A capital holandesa Amsterdã aprovou, em 22 de janeiro, a proibição de anúncios de combustíveis fósseis e outros produtos com altas emissões de carbono, como viagens aéreas, cruzeiros, carros a diesel e gasolina e carne, nos espaços públicos e na rede de transporte urbano.
Em seguida, no dia 4 de fevereiro, foi a vez do conselho municipal de Florença, na Itália, vetar a publicidade de combustíveis não renováveis e de produtos poluentes nas ruas da cidade.
Amsterdã e Florença não estão sozinhas: a medida se soma a outras adotadas em 50 cidades no mundo onde já existem restrições à propaganda de produtos com potencial de agravar a crise climática global. Essa lista inclui metrópoles como Sydney, Edimburgo e diversos municípios holandeses, como como Utrecht, Haia, Zwolle, Delft e Nijmegen. Já Florença é a primeira cidade na Itália a eliminar essa publicidade do espaço público.

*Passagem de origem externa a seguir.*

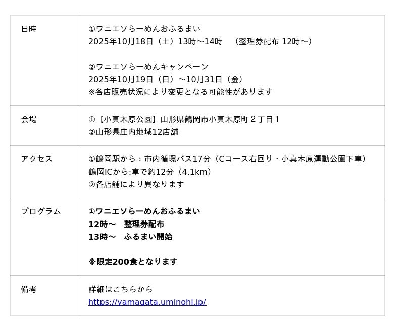 一般社団法人海と日本プロジェクトin山形は、10/18(土)に鶴岡市で開催されるつるおか大産業まつりで未利用魚を活用した新しいラーメン出汁”ワニエソらーめん”のおふるまいを実施いたします。翌日の10/19(日)から10/31(金)まで庄内地域のラーメン店12店舗で、ワニエソらーめんを味わうことができるキャンペーンを開催いたします。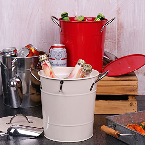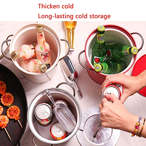 Specification: IJsemmer, roestvrijstalen ronde draagbare ijsemmer, feest ijsemmer met deksel en tang voor gezinnen, bijeenkomsten, barbecues, picknicks, partijen, bars, bars,White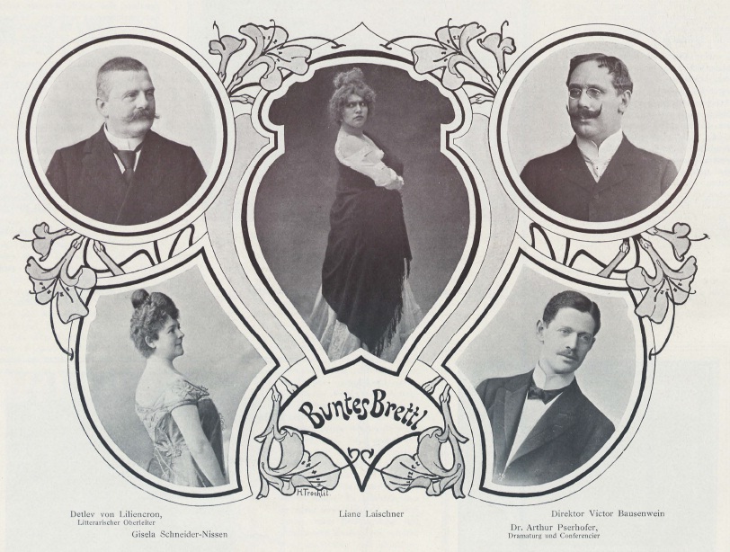 Bilder: E. Höffert: Das Ensemble des Bunten Brettls („Überbrettls“); aus der Zeitschrift Berliner Leben (Heft 10, 1901); Wikimedia commons; abgebildete Personen links: Detlev von Liliencron („Literarischer Oberleiter“), Gisela Schneider-Nissen; Mitte: Liane Laischner (Leischner); rechts: Victor Bausenwein (Direktor), Arthur Pserhofer (Dramaturg und Conférencier);Willy Oertel: unter dem Pseudonym „Serapion Grab“ herausgebrachtes Werbeplakat für die Elf Scharfrichter, 1901 (Wikimedia commons); Georg Bartels: Foto des Bunten Brettls (Überbrettls), 1901 (Wikimedia commons); E. Bieber: Ernst von Wolzogen, 1899 (Wikimedia commons)

Em Florença, a votação a favor da medida foi mais ampla, 18 a 3, mas não há prazo estipulado ainda para o início da vigência da lei. Na capital holandesa, foram 27 votos a favor e 17 contra a proposta. A ideia é que a lei começe a valer a partir de 1º de maio. A vice-prefeita de Amsterdã, Melanie van der Horst, no entanto, defendeu um período de transição mais longo, com a justificativa de permitir às empresas e operadores de publicidade tempo para se adaptar à nova regra.
Defensores da iniciativa argumentam que a restrição é necessária para alinhar políticas públicas ambientais: “Anúncios que retratam combustíveis fósseis como algo normal agravam a crise climática e não têm lugar em uma cidade, ou em um país, que aderiu ao Acordo de Paris”, afirmou a coordenadora da campanha Reclame Fossielvrij, Femke Sleegers, quando a proposta foi apresentada, destaca o site EuroNews.
França
Enquanto a Holanda prioriza iniciativas locais, outros países europeus avançam com legislações nacionais. A França se tornou, em 2022, o primeiro país do continente a proibir anúncios de combustíveis fósseis por meio de uma lei climática que inclui penalidades de até €100 mil para empresas que descumprirem a norma.